Fred Dibnah


Frederick Travis Dibnah, , was an English steeplejack and television personality. Having a keen interest in mechanical engineering, he described himself as a "backstreet mechanic."
When Dibnah was born, Britain relied heavily upon coal to fuel its industry. As a child, he was fascinated by the steam engines which powered the many textile mills in Bolton, but he paid particular attention to chimneys and the men who worked on them. He began his working life as a joiner, before becoming a steeplejack. From age 22, he served for two years in the Army Catering Corps of the British Army, undertaking his National Service. Once demobilized, he returned to steeplejacking but met with limited success until he was asked to repair Bolton's parish church tower. The resulting publicity provided a boost to his business, ensuring he was almost never out of work.

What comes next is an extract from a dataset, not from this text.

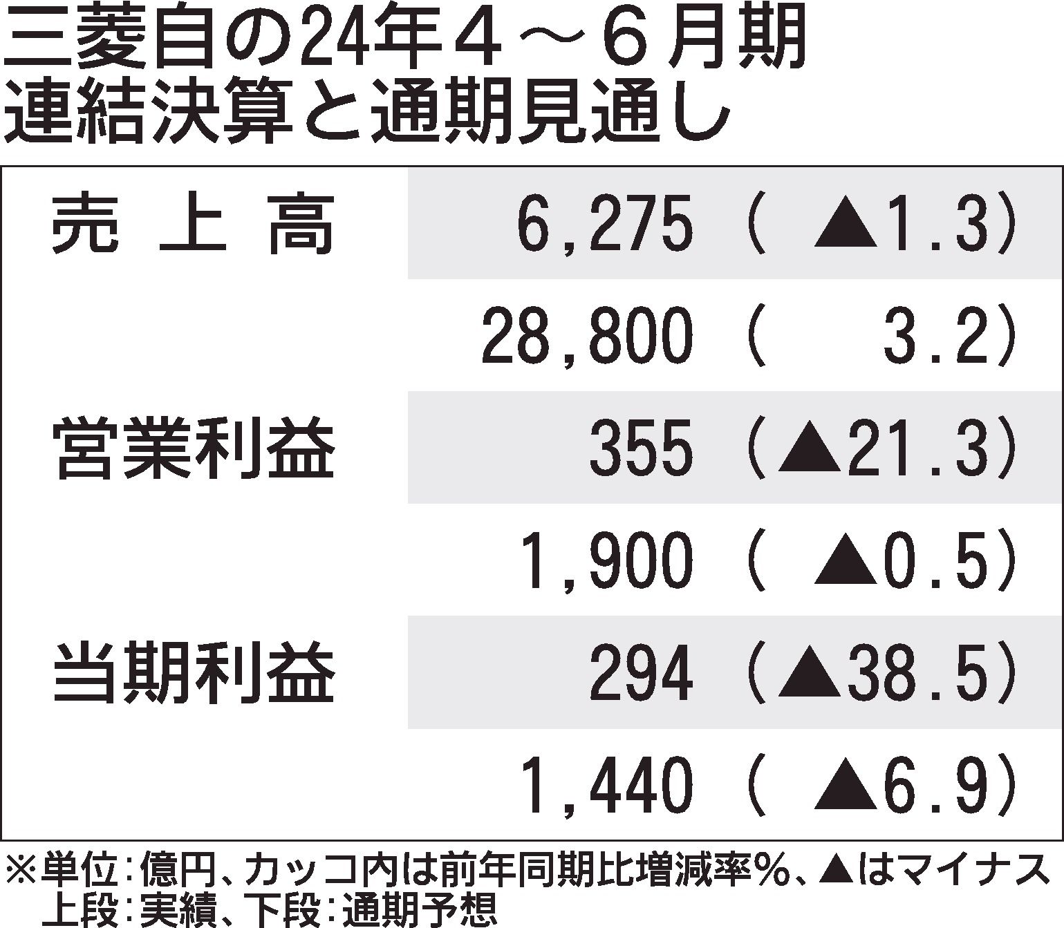 三菱自、2024年4~6月期業績 タイ需要低迷で減収減益

In 1978, while making repairs to Bolton Town Hall, Dibnah was filmed by a regional BBC news crew. The BBC then commissioned a documentary, which followed the rough-hewn steeplejack as he worked on chimneys, interacted with his family and talked about his favourite hobby – steam. His Lanky manner and gentle, self-taught philosophical outlook proved popular with viewers and he featured in a number of television programmes. Towards the end of his life, the decline of Britain's industry was mirrored by a decline in his steeplejacking business and Dibnah increasingly came to rely on public appearances and after-dinner speaking to support his income. In 1998, he presented a programme on Britain's industrial history and went on to present a number of series, largely concerned with the Industrial Revolution and its mechanical and architectural legacy.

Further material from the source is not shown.